1.2 Substantiating Data
- Substantiating data should not consist solely of posters, abstracts, ‘personal communication’ or unpublished data, as these data do not provide sufficient information to assess the veracity of a claim. These data sources can be used as secondary references to support claims.
- Substantiating data can consist of an ‘in press’ article or data on file where these references are available to be supplied on request and provide the appropriate level of evidence to support the claim. The use of ‘data on file’ may be appropriate as sole substantiation for a claim regarding prescribing frequency or cumulative patient exposure; however, it would not be appropriate as sole substantiation for a safety or an efficacy claim.
- Substantiating data should be consistent with the body of evidence.
- Selective use of consistent positive results while neglecting consistent negative results from a systematic review or meta-analysis is not appropriate.
- Claims based on pre-specified secondary endpoints where the primary endpoints are not met in a particular study can be used if:
- consistent with the body of evidence; and
- they accurately reflect the conclusion of the study; and
- it is clear to a reader that the primary endpoint was not met.
- It is only appropriate to extrapolate from surrogate endpoints where a link between the surrogate endpoint and the clinical outcome has been generally accepted and is supported by the body of evidence.
- The use of post-hoc analyses is acceptable if clearly identified as post-hoc, used in context of the primary endpoint(s) and appropriately qualified.

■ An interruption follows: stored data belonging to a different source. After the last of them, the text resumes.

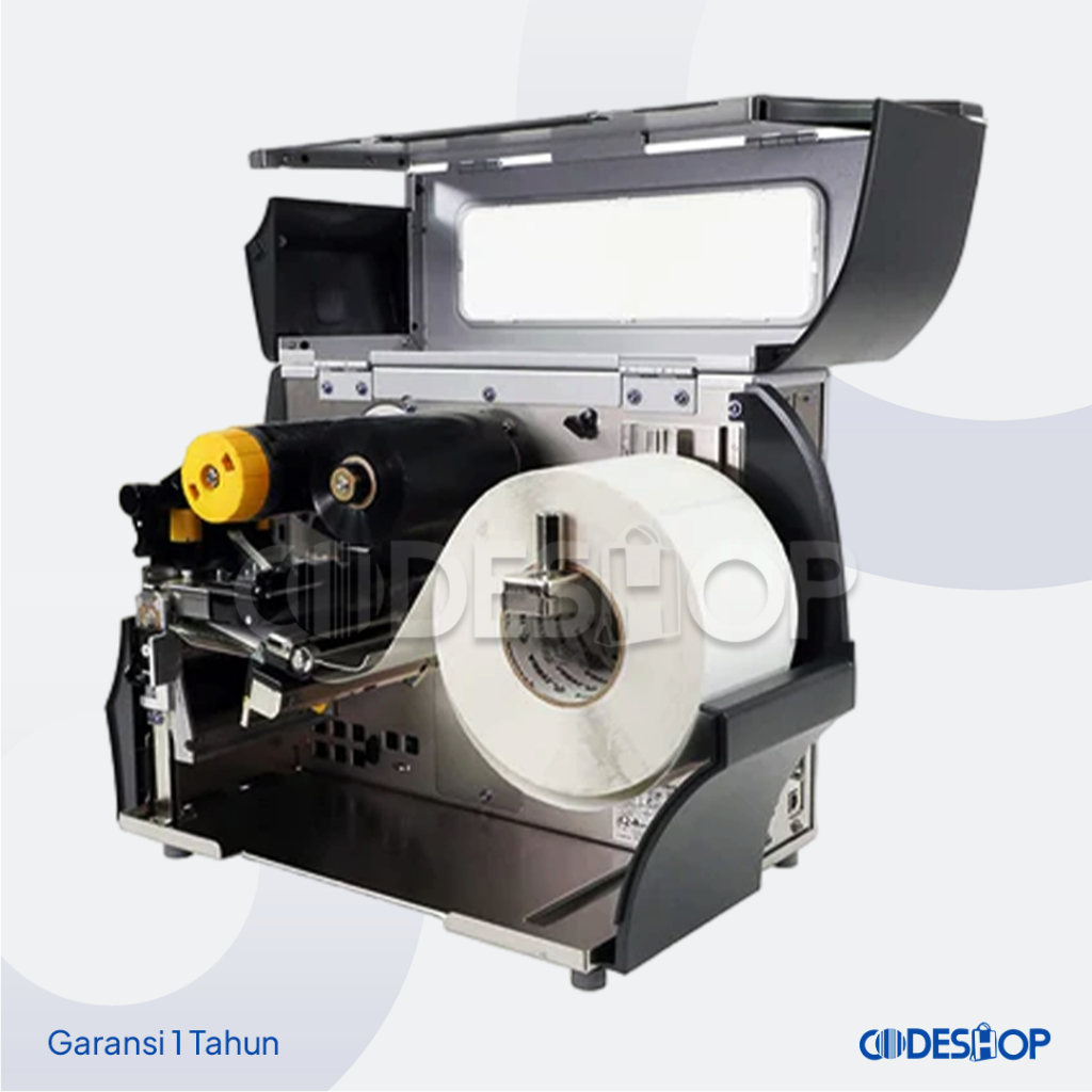 Adapun spesifikasinya : Metode Cetak : memakai ribbon (Thermal Transfer) dan label cetak stiker (Direct Thermal) Resolusi : 300 dpi (16 dots/mm) Kecepatan Cetak : 14 ips (356 mm/s) Type Sensor : Transmissive Sensor & Adjusable Reflective Sensor Memory : 64 FLASH ROM & 64 SDRAM Interface : USB + SERIAL + LAN Diameter Luar Ribbon : Max 2,7' (68 mm) & jenis Ribbon Face Out (FO) Panjang Ribbon : Max 300 Meter - 450 M dengan Core 1" (25,4 mm) Lebar Label : Min 25,4 mm & Max 110 mm dengan Core 1" & 1,5 " Lebar Cetakan Label : Min 25,4 mm & Max 104 mm Type Barcode : 1 Dimensi & 2 Dimensi Bahasa pemograman : EPL / ZPL firmware emulates Driver : Zebra Designer at Official Web Zebra
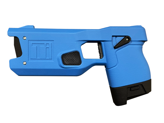 This TASER weapon is manufactured by TASER for Ti Training. It is a non-firing weapon. The weapon has the real Laser sight. The cartridges have 2 lasers at an 8 degree spread. A real TASER cartridge can NOT be fired by this “Safe” weapon. Force fail via operator is a standard feature with the Lead Instructor Software.
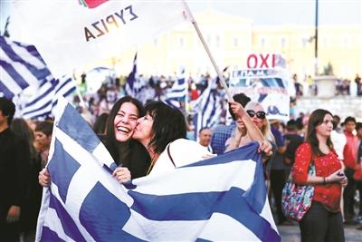 7月5日,希腊雅典,左翼联盟支持者、反对债权人改革计划的希腊选民庆祝公投结果 供图/IC
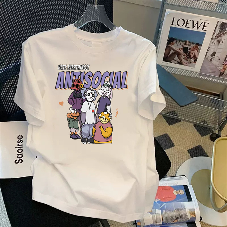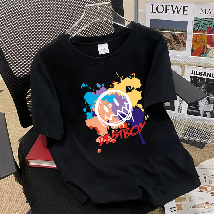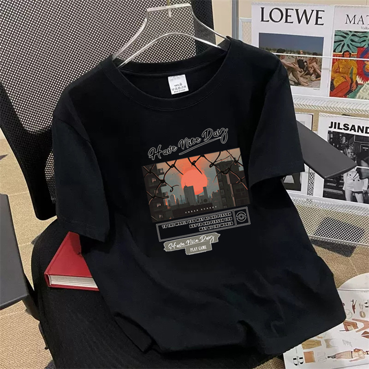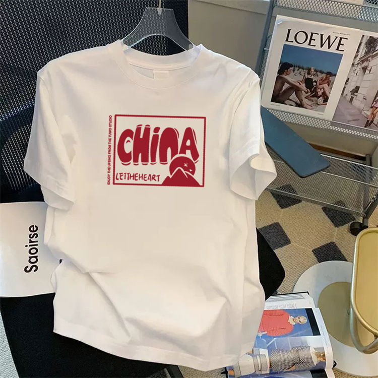 高端短袖t恤男潮流圆领潮牌印花百搭轻奢痞帅休闲上衣T恤宽松运动
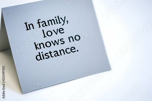 A gray sticky note with the quote "In family, love knows no distance." isolated on the white background
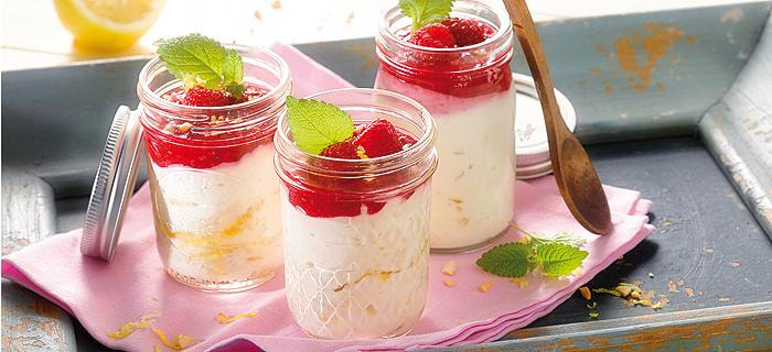 Mandel-Joghurtcreme mit Himbeersoße

It should be made clear to the reader if the primary endpoint(s) of the original study was not met or if the claims based on post-hoc analyses are inconsistent with the primary endpoint(s).
- Observational data may be used to substantiate a claim when the data is of high quality and represents the highest level of evidence available.

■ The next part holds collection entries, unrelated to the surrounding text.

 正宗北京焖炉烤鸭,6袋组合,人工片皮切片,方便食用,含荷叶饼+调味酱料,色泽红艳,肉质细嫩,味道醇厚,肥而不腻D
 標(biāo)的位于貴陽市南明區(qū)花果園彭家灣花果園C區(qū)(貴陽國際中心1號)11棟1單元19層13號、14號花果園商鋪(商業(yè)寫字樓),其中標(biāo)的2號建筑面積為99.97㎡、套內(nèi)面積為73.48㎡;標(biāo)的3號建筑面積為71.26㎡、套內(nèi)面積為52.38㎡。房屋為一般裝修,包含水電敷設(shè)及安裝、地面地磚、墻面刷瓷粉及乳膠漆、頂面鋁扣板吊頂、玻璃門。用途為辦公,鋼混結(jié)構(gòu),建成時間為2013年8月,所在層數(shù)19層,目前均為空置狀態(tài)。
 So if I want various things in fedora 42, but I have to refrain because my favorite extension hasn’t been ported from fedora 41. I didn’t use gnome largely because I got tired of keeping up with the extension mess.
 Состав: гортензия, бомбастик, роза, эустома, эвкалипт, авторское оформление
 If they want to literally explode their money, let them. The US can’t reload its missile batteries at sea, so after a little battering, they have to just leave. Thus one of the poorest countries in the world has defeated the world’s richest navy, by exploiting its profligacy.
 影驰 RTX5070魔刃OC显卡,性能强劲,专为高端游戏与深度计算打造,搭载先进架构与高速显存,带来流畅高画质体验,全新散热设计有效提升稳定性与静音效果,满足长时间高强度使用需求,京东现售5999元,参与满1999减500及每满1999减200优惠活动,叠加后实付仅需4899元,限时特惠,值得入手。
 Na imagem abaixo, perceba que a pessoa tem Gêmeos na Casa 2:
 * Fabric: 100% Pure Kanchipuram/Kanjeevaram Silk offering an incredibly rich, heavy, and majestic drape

- Animal or laboratory data are insufficient to be used as the sole evidence to support a promotional claim. If animal or laboratory data are used, a qualifying statement must appear identifying this type of data and acknowledging that such data do not necessarily predict clinical effects.
- Claims based on statistical comparisons must include sufficient detail to enable the reader to understand the statistical significance of the data. The accepted level of statistical significance is
p < 0.05
and for multiple comparisons will be lower, as specified in the study publication or published protocol when available. - If the results of a comparative study are not statistically significant, a qualifying statement must be included stating, in full, that the results are “not statistically significant”.

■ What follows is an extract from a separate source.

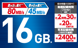 ※UHS-Iインターフェース対応機器で使用したとき読み書き時のデータ転送速度
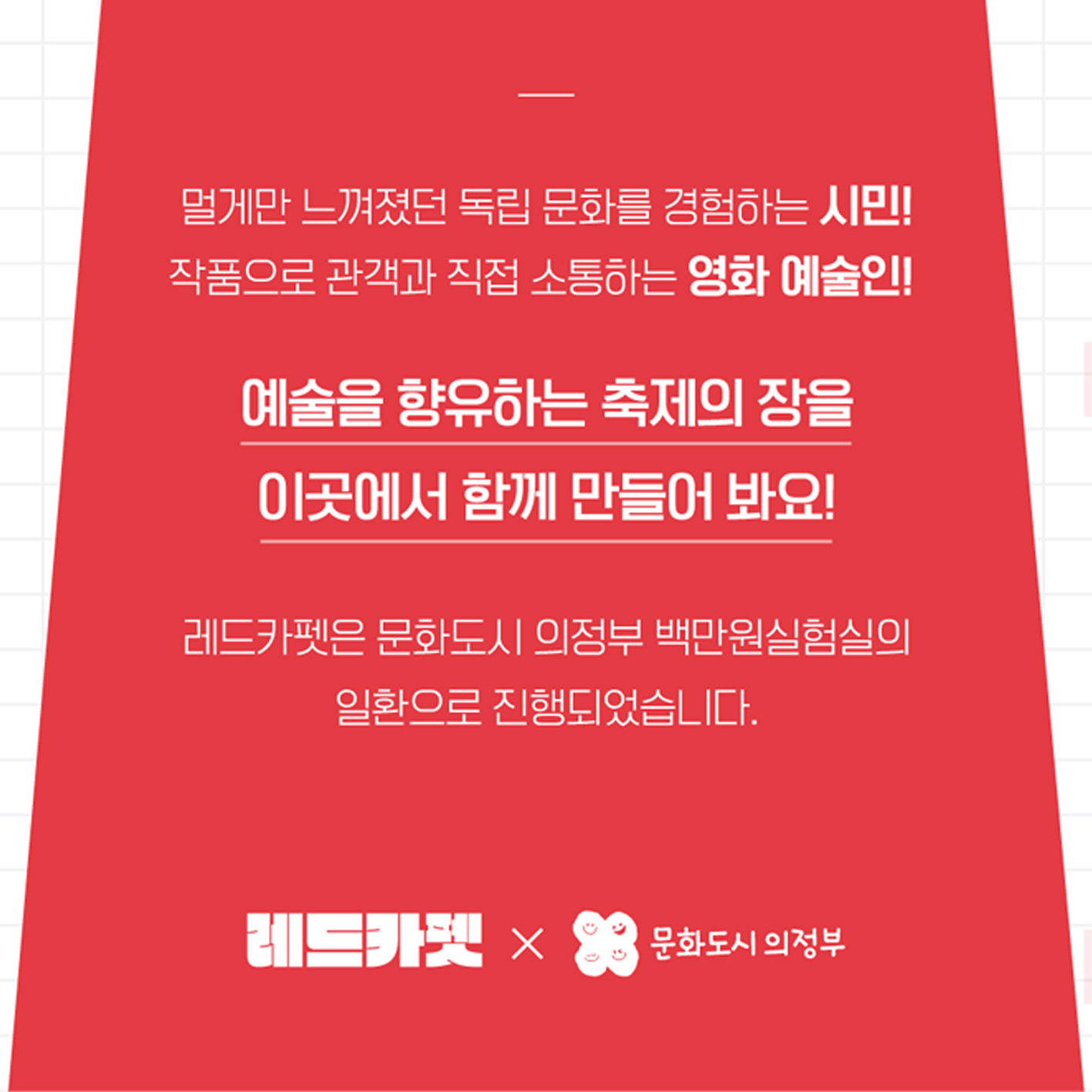 이번 의정부 영화제 <레드카펫>은 타지에서 진행하는 영화제에 참여하지 못하는 시민들에게 독립영화 문화를 경험하게 해줄 수 있게 하는 것을 목표로 하고 있습니다. 그리고 작품과 관객이 직접적으로 소통하는 GV도 함께 진행하여, 시민들에게 다양한 문화예술을 향유할 수 있는 축제의 장으로 나아갈 예정이라고 합니다.

- If the results of a comparative study do not include a statement of the significance or lack of significance of the results, a qualifying statement must be included stating that the p value is not available.
- Comparative claims based on studies reporting clinically important differences must include sufficient detail to enable the reader to understand the significance of the data. The minimum clinically important difference, when available and defined for the trial, is the accepted level of clinical significance.